--- DATA EXTRACTS Enclosed Below ---
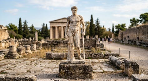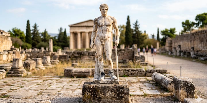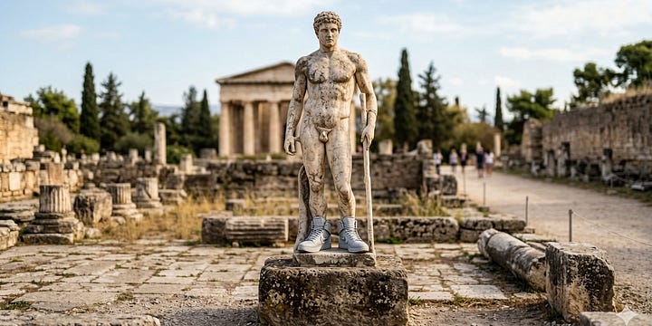 Prompt: Edit the statue’s feet to be wearing detailed, modern high-top basketball sneakers. The sneakers must appear to be carved entirely from the same block of aged marble, matching the stone texture, color, and weathering of the rest of the statue.
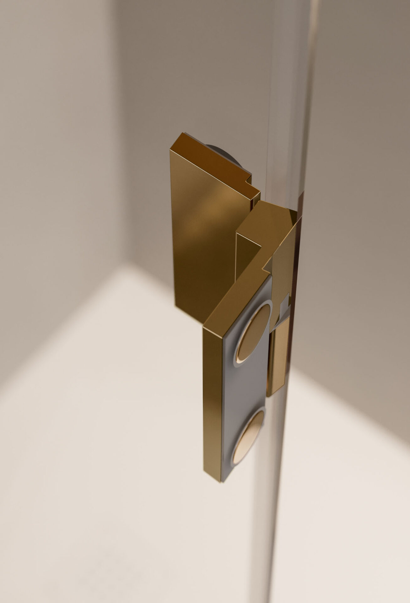 Bisagra con parte interna al ras del vidrio.
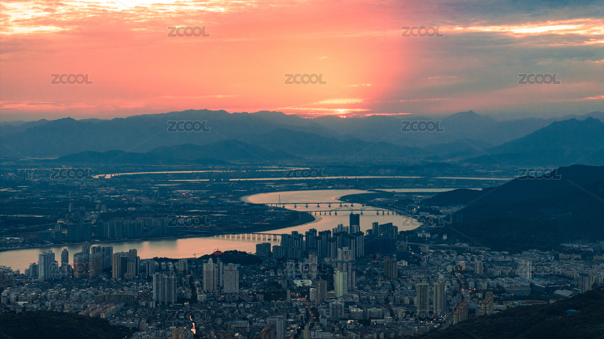 日出时刻的临海市
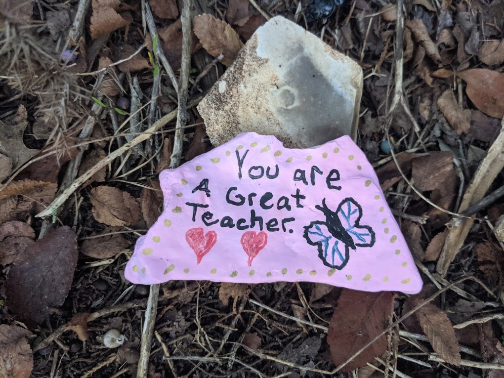 But we did it, and we’re still doing it, and we’ll keep doing it to the best of our ability. I’m very proud of my campus and my coworkers and my community. This morning, while walking the trail in my neighborhood, I saw this painted rock, and it felt like such a gift. I’m sending it out to all my fellow teachers.
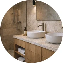 Asortyment Domelia obejmuje wykończenia do łazienek, kuchni i salonów, a także tarasów, ogrodów, ciągów pieszych i elewacji. Stawiamy na naturalne piękno kamienia oraz odporność na zmienne warunki użytkowania w polskim klimacie.
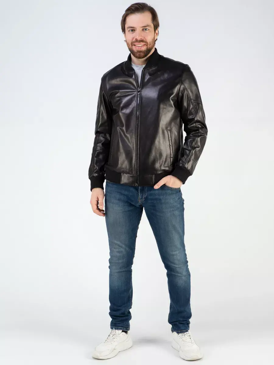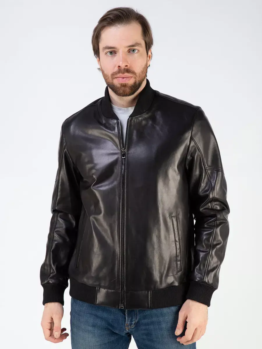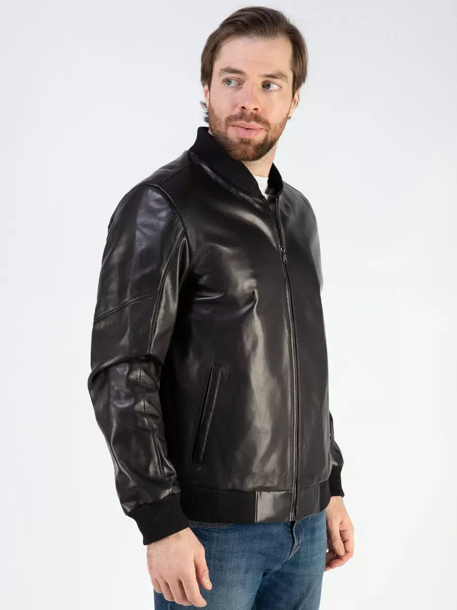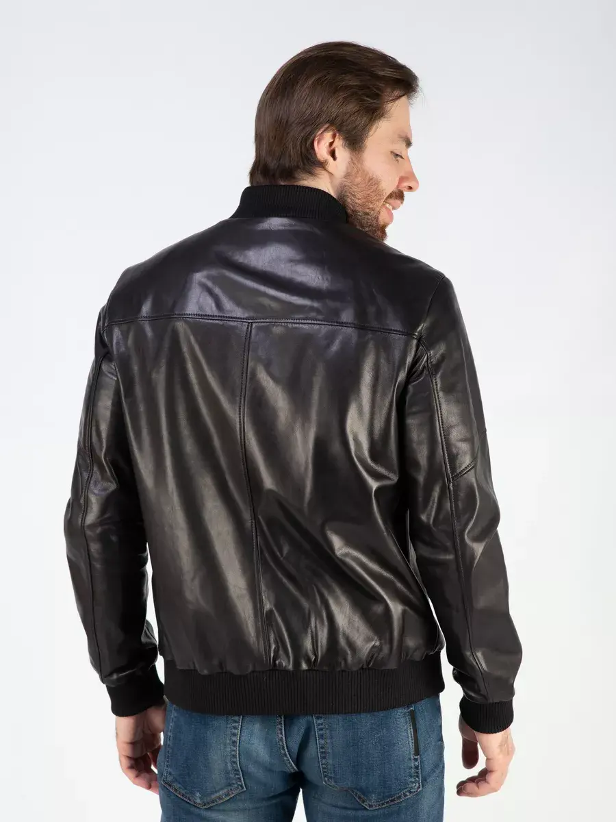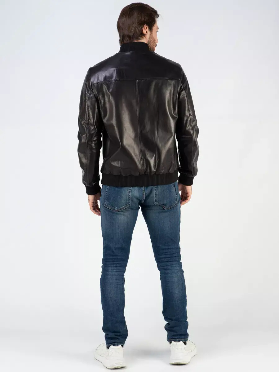 Стильная модель бомбер мужской куртки на резинке выполнена из мягкой натуральной кожи ягненка.
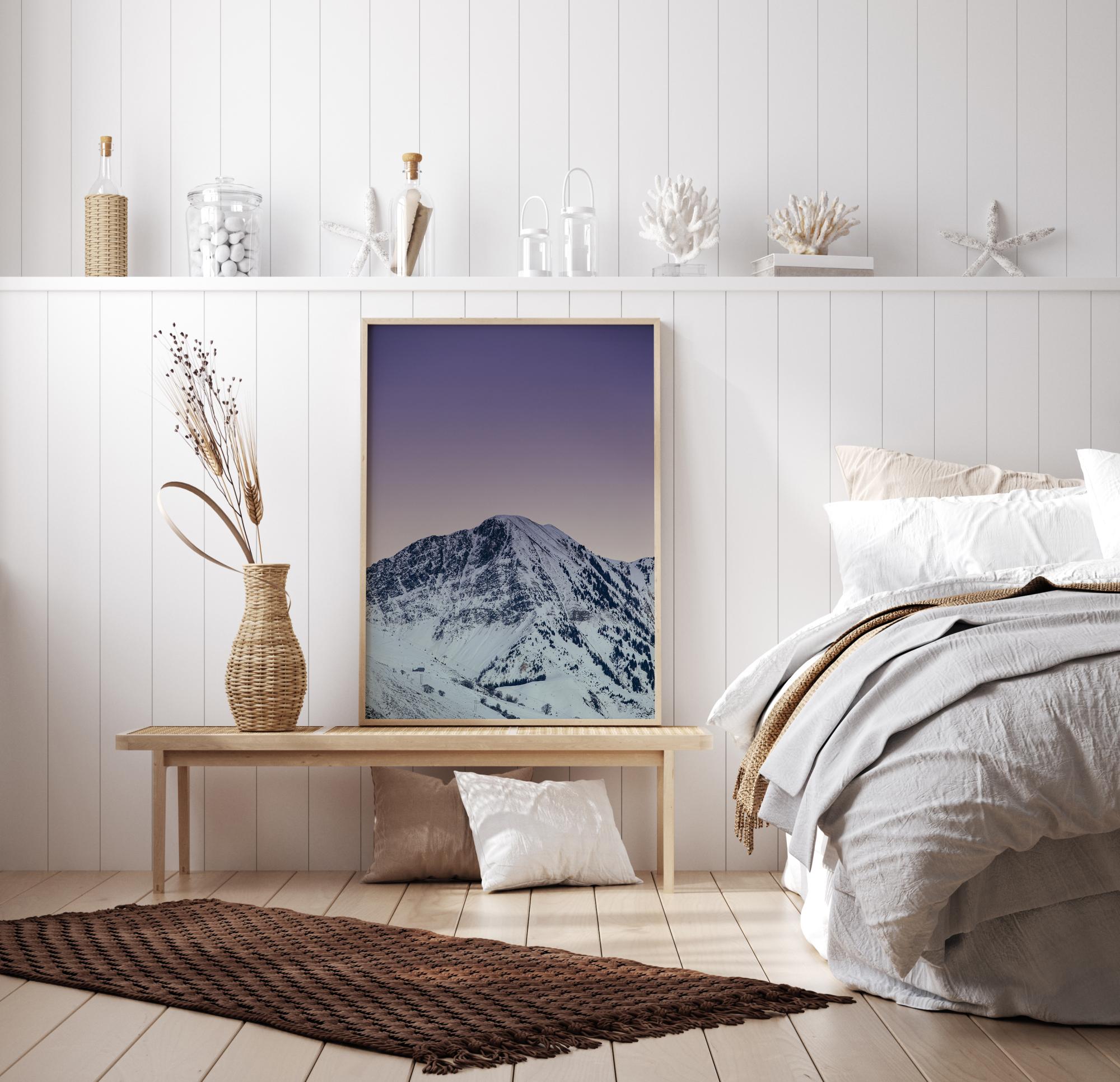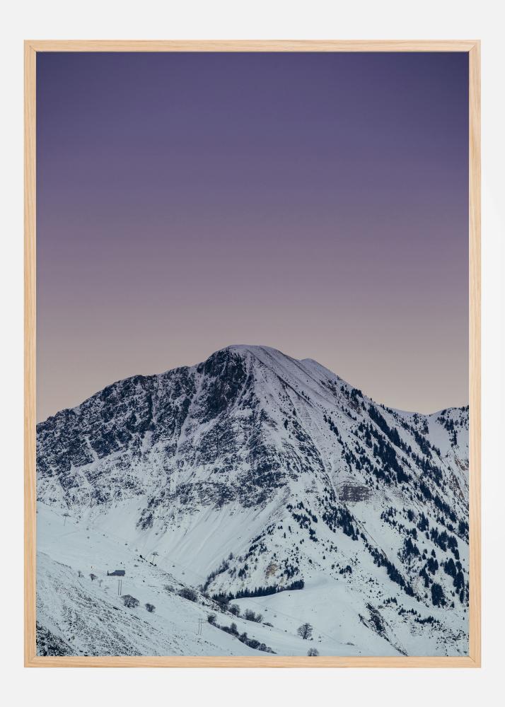 En stjärnklar nattposter över ett massivt vitt berg. Detta imponerande snötäckta berg är placerad under en fantastisk lila himmel. Den lila himlen reflekteras på bergstopparna och skapar en varm känsla i trycket. En vacker bild att hänga i en kall miljö.
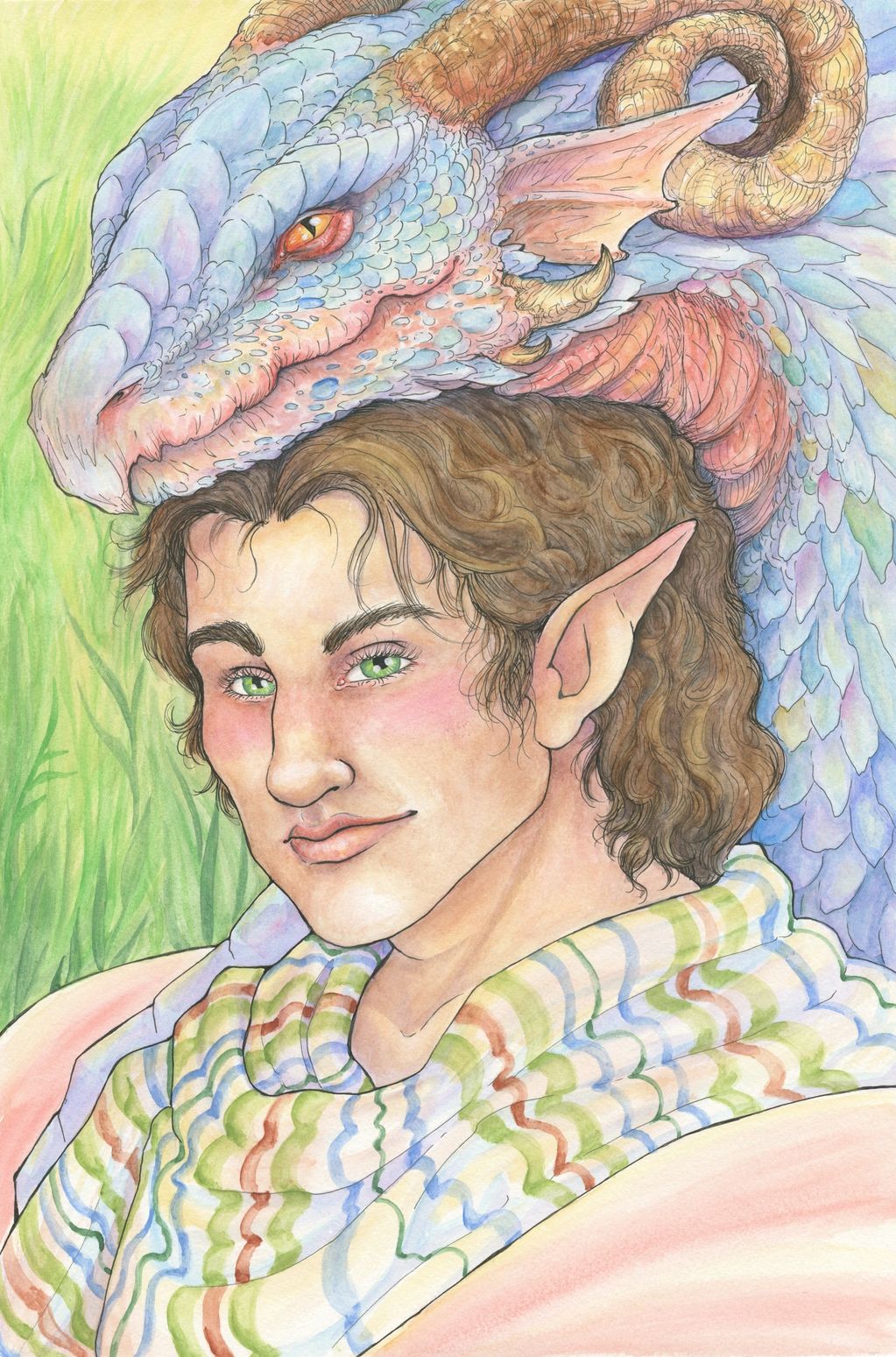 A male figure is seen with his "sheep dog" dragon, in the grass. Hannah's challenge which turned out well was the scarf. Adding a rippling ribbon pattern that makes the piece catch a glimpse of something normal in the fantasy world.
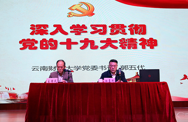 2017年12月12日下午,云南省教育系统宣讲团成员、云南财经大学党委书记郭五代为我校师生作党的十九大精神宣讲报告,学校领导、党员和师生共700余人参加了报告会。报告会由我校党委书记李思泽同志主持。
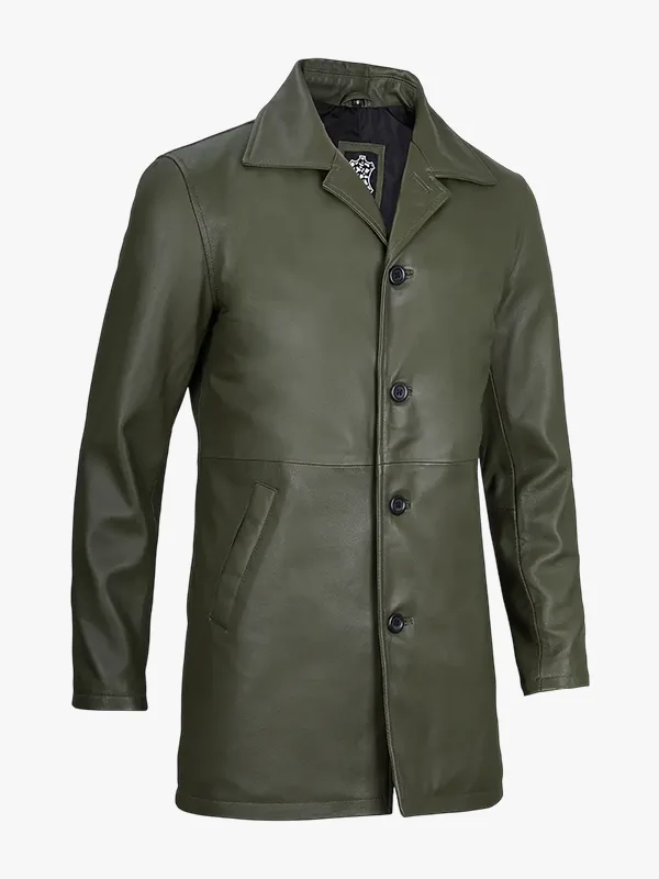 Men’s Olive Green Mid-Length Leather Coat
--- End of Enclosed DATA EXTRACTS ---
— AIM OF THE EXERCISE —
Repeat the data exactly as given. Keep every picture out of the copy.

— OUTPUT OF THE TASK —
 Prompt: Edit the statue’s feet to be wearing detailed, modern high-top basketball sneakers. The sneakers must appear to be carved entirely from the same block of aged marble, matching the stone texture, color, and weathering of the rest of the statue.
 Bisagra con parte interna al ras del vidrio.
 日出时刻的临海市
 But we did it, and we’re still doing it, and we’ll keep doing it to the best of our ability. I’m very proud of my campus and my coworkers and my community. This morning, while walking the trail in my neighborhood, I saw this painted rock, and it felt like such a gift. I’m sending it out to all my fellow teachers.
 Asortyment Domelia obejmuje wykończenia do łazienek, kuchni i salonów, a także tarasów, ogrodów, ciągów pieszych i elewacji. Stawiamy na naturalne piękno kamienia oraz odporność na zmienne warunki użytkowania w polskim klimacie.
 Стильная модель бомбер мужской куртки на резинке выполнена из мягкой натуральной кожи ягненка.
 En stjärnklar nattposter över ett massivt vitt berg. Detta imponerande snötäckta berg är placerad under en fantastisk lila himmel. Den lila himlen reflekteras på bergstopparna och skapar en varm känsla i trycket. En vacker bild att hänga i en kall miljö.
 A male figure is seen with his "sheep dog" dragon, in the grass. Hannah's challenge which turned out well was the scarf. Adding a rippling ribbon pattern that makes the piece catch a glimpse of something normal in the fantasy world.
 2017年12月12日下午,云南省教育系统宣讲团成员、云南财经大学党委书记郭五代为我校师生作党的十九大精神宣讲报告,学校领导、党员和师生共700余人参加了报告会。报告会由我校党委书记李思泽同志主持。
 Men’s Olive Green Mid-Length Leather Coat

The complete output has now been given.